_Extracted data:_
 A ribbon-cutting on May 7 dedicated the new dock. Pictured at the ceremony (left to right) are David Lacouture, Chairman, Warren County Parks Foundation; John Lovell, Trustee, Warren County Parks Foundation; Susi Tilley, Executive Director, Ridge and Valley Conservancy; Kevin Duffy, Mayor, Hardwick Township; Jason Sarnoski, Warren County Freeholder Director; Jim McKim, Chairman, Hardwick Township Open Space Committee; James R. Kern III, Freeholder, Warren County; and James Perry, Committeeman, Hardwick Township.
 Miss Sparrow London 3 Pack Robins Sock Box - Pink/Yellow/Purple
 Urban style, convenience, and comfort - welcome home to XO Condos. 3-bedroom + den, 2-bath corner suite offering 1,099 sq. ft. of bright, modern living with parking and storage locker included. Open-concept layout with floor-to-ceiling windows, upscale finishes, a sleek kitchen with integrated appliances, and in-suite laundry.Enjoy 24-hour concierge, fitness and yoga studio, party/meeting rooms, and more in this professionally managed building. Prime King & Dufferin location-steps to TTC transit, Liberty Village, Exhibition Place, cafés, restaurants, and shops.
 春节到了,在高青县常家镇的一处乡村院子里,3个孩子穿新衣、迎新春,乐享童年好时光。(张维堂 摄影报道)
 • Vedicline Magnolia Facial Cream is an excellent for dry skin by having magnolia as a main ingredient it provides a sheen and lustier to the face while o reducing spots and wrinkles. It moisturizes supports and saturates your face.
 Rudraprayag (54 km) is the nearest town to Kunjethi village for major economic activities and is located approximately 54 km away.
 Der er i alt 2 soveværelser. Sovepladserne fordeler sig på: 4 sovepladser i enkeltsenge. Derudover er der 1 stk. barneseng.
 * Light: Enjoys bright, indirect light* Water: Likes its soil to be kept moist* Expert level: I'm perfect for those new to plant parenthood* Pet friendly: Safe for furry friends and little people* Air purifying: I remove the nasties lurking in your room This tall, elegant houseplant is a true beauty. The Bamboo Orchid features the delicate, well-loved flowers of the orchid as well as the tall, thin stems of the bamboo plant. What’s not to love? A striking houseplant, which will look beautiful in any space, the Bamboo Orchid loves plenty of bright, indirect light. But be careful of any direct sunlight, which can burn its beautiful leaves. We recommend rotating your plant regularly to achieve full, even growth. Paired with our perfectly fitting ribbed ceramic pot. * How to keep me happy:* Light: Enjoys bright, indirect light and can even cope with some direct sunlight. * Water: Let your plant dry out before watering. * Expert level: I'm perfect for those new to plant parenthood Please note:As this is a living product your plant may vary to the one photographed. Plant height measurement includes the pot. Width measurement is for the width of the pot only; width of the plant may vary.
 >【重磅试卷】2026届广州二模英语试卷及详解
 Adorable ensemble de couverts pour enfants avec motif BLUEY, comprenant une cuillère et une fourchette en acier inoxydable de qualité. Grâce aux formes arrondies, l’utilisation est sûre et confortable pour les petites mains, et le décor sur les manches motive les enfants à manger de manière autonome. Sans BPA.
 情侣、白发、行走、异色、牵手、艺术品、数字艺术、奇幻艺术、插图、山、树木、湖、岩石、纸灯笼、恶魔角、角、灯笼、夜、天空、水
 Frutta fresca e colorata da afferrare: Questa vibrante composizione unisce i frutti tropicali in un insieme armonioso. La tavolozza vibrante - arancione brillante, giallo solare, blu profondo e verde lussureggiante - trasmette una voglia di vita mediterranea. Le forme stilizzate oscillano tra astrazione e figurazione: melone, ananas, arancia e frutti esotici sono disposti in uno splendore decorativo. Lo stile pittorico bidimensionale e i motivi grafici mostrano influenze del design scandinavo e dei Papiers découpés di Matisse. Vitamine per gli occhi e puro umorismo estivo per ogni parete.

_Task:_ Look for the word "with" throughout the material above and copy every line that has it.

_Response for this exercise:_
 Urban style, convenience, and comfort - welcome home to XO Condos. 3-bedroom + den, 2-bath corner suite offering 1,099 sq. ft. of bright, modern living with parking and storage locker included. Open-concept layout with floor-to-ceiling windows, upscale finishes, a sleek kitchen with integrated appliances, and in-suite laundry.Enjoy 24-hour concierge, fitness and yoga studio, party/meeting rooms, and more in this professionally managed building. Prime King & Dufferin location-steps to TTC transit, Liberty Village, Exhibition Place, cafés, restaurants, and shops.
 * Light: Enjoys bright, indirect light* Water: Likes its soil to be kept moist* Expert level: I'm perfect for those new to plant parenthood* Pet friendly: Safe for furry friends and little people* Air purifying: I remove the nasties lurking in your room This tall, elegant houseplant is a true beauty. The Bamboo Orchid features the delicate, well-loved flowers of the orchid as well as the tall, thin stems of the bamboo plant. What’s not to love? A striking houseplant, which will look beautiful in any space, the Bamboo Orchid loves plenty of bright, indirect light. But be careful of any direct sunlight, which can burn its beautiful leaves. We recommend rotating your plant regularly to achieve full, even growth. Paired with our perfectly fitting ribbed ceramic pot. * How to keep me happy:* Light: Enjoys bright, indirect light and can even cope with some direct sunlight. * Water: Let your plant dry out before watering. * Expert level: I'm perfect for those new to plant parenthood Please note:As this is a living product your plant may vary to the one photographed. Plant height measurement includes the pot. Width measurement is for the width of the pot only; width of the plant may vary.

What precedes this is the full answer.